◆ **Records supplied**
:::

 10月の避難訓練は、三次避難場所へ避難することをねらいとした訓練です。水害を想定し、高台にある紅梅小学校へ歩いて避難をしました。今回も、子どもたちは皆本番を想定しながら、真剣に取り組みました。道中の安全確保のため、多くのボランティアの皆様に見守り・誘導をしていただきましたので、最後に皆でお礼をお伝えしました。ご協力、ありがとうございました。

:::

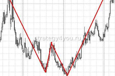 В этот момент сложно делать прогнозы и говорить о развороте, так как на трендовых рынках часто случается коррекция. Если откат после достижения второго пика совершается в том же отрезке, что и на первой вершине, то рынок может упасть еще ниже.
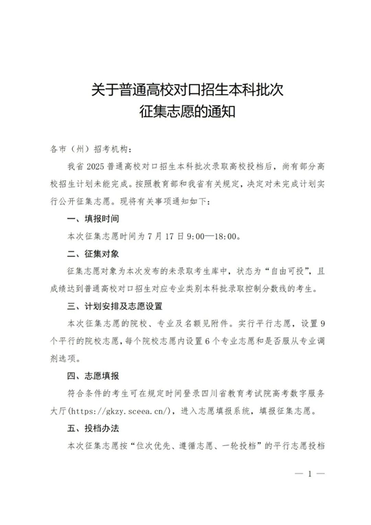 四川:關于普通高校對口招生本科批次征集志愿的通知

:::

◆ **Exercise requirements**
Exactly the lines above from the one that contains "В этот момент" down to the one that contains "四川:關于普通高校對口招生本科批次征集志愿的通知" are to be output, both ends kept and pictures omitted.

◆ **Answer**
 В этот момент сложно делать прогнозы и говорить о развороте, так как на трендовых рынках часто случается коррекция. Если откат после достижения второго пика совершается в том же отрезке, что и на первой вершине, то рынок может упасть еще ниже.
 四川:關于普通高校對口招生本科批次征集志愿的通知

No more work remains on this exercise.